───── THE INPUT ─────
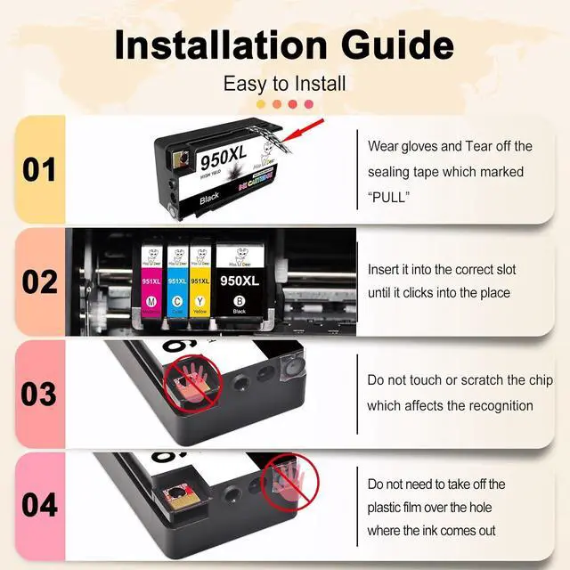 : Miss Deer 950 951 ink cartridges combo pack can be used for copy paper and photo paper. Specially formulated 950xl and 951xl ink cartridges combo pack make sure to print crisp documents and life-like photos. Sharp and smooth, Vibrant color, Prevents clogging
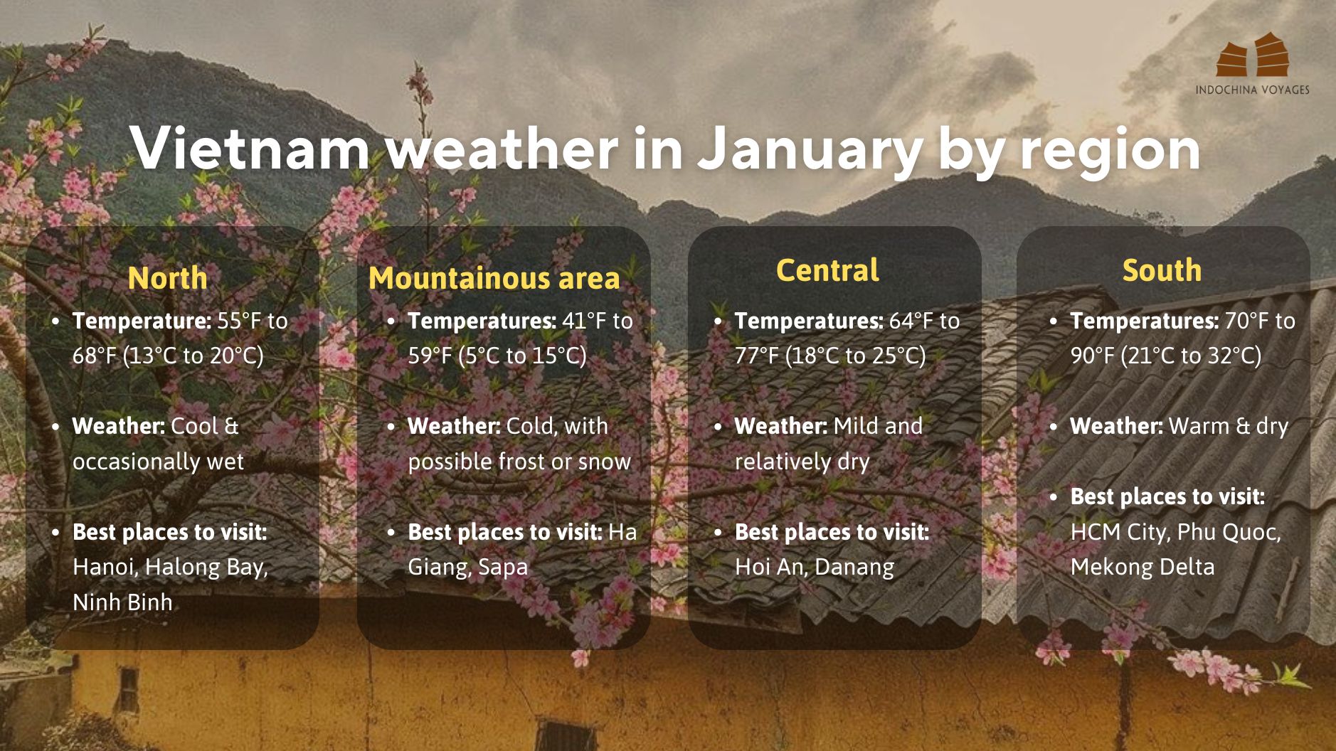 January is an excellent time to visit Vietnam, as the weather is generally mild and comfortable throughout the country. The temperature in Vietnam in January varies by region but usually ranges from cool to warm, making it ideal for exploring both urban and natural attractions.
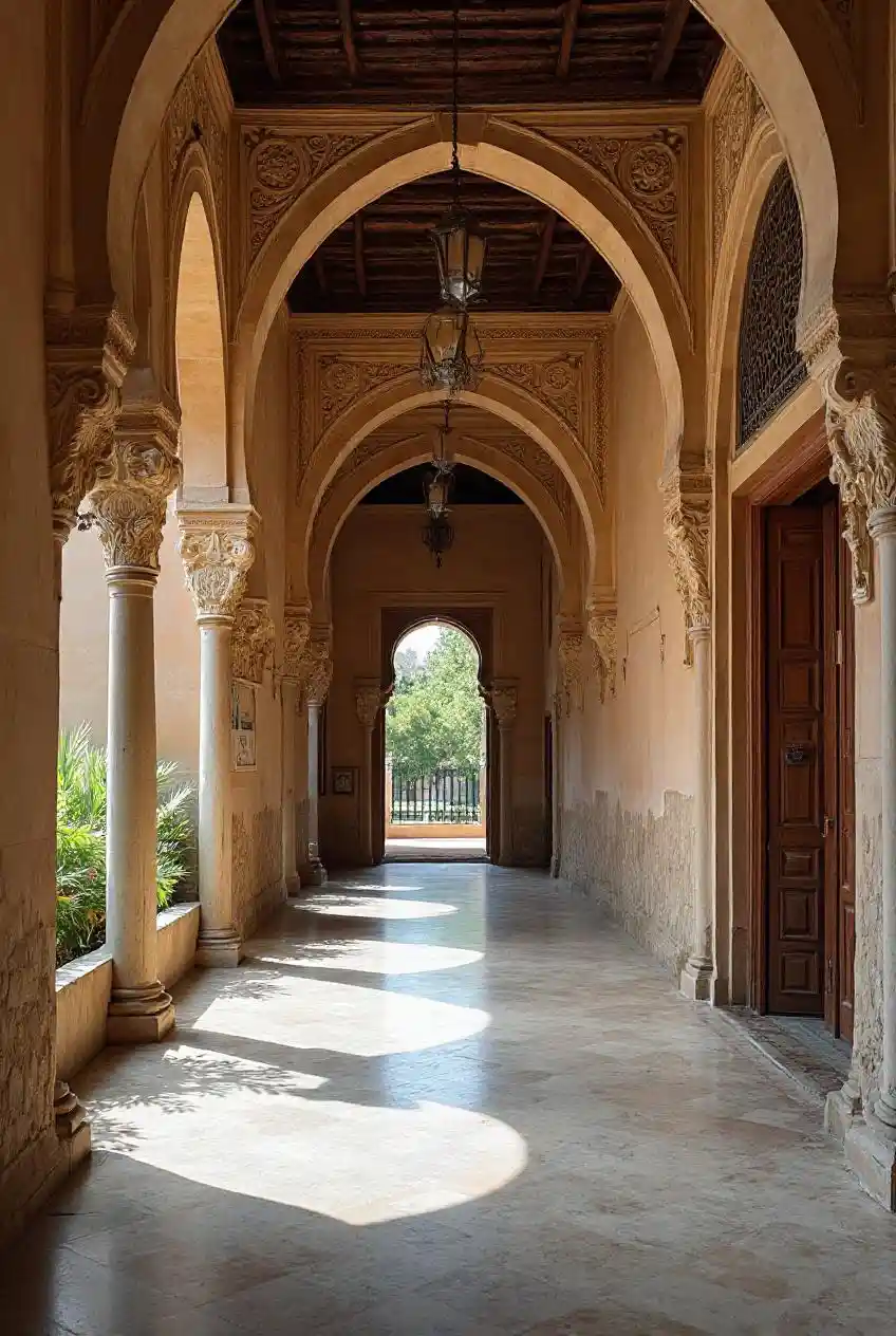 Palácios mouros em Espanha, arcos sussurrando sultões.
─────
───── THE INPUT ─────
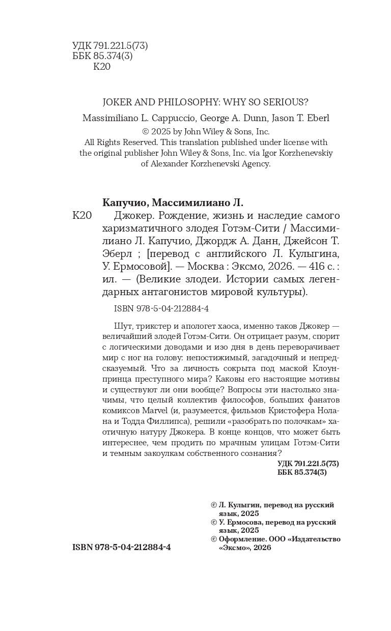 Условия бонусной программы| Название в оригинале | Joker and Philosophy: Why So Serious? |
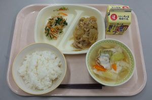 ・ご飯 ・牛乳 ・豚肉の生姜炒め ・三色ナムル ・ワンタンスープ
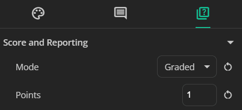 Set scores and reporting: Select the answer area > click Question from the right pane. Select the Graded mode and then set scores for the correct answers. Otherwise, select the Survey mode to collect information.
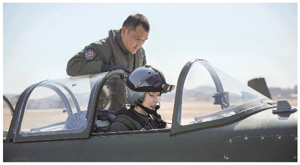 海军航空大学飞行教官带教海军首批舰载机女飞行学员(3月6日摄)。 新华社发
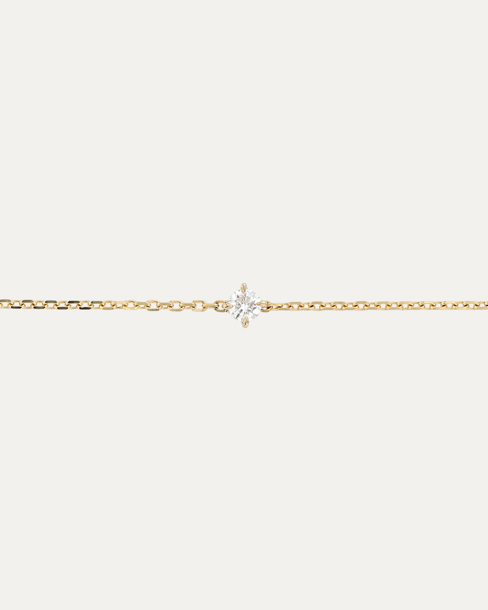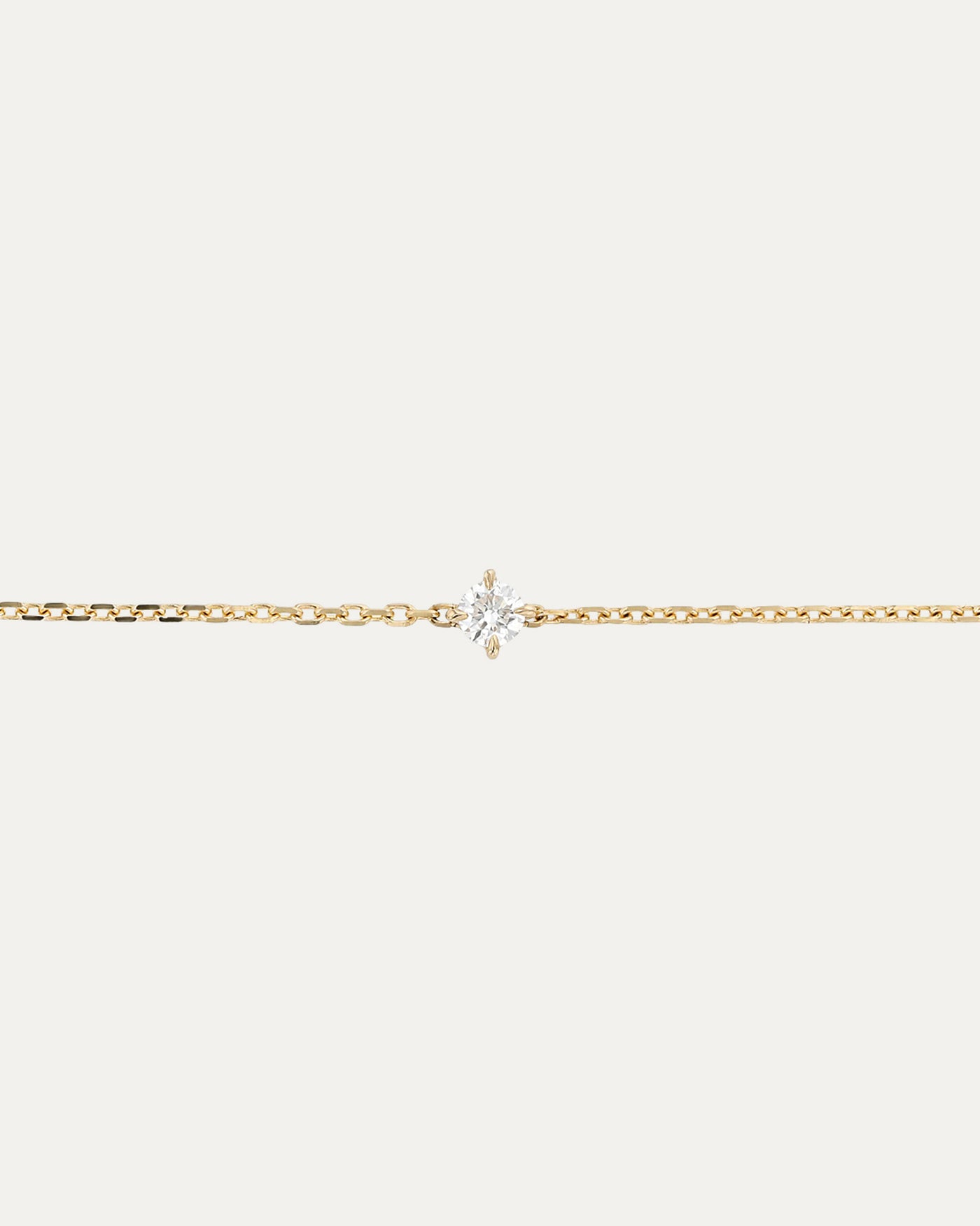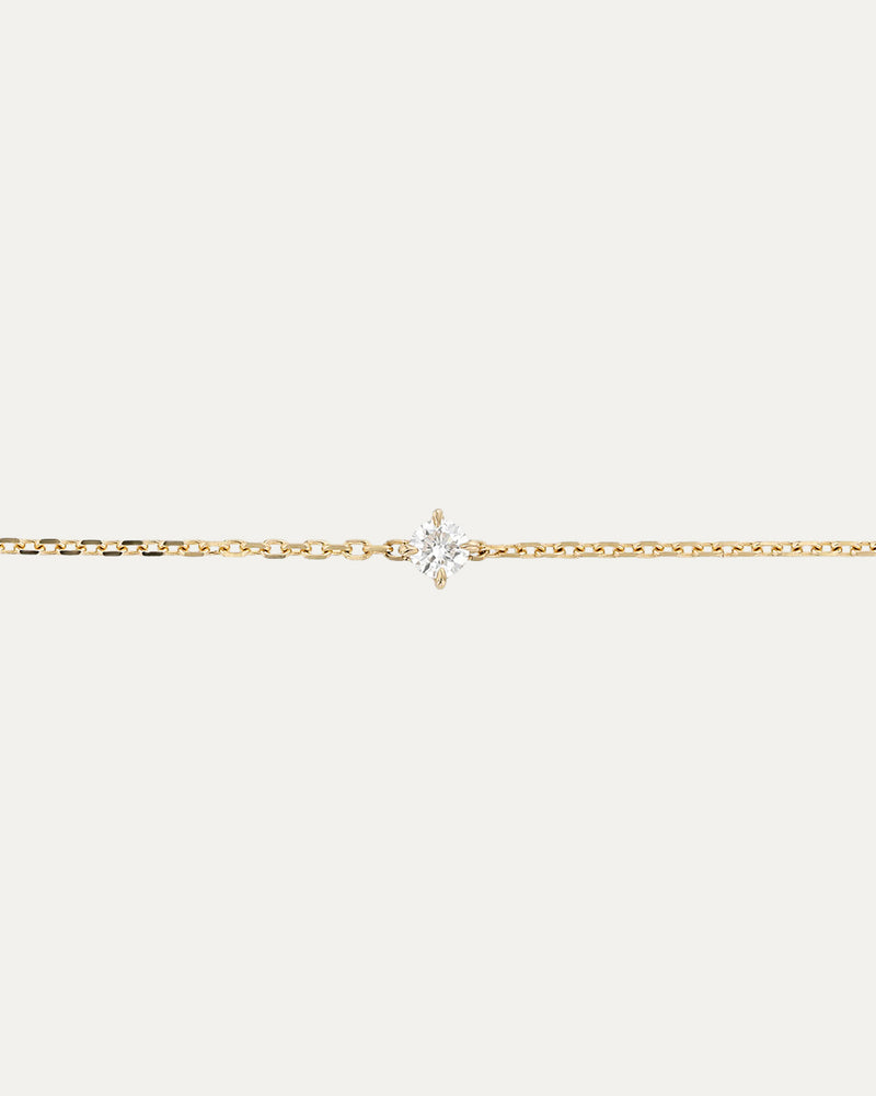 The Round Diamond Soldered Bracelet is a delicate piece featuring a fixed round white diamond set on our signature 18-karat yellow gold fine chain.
─────
### EXERCISE OBJECTIVE
Nothing but the lines from the one with "color, Prevents clogging" up to and including the one with "Palácios mouros em" should be printed, exactly as they read above. Please keep the pictures out.

### ANSWER
 : Miss Deer 950 951 ink cartridges combo pack can be used for copy paper and photo paper. Specially formulated 950xl and 951xl ink cartridges combo pack make sure to print crisp documents and life-like photos. Sharp and smooth, Vibrant color, Prevents clogging
 January is an excellent time to visit Vietnam, as the weather is generally mild and comfortable throughout the country. The temperature in Vietnam in January varies by region but usually ranges from cool to warm, making it ideal for exploring both urban and natural attractions.
 Palácios mouros em Espanha, arcos sussurrando sultões.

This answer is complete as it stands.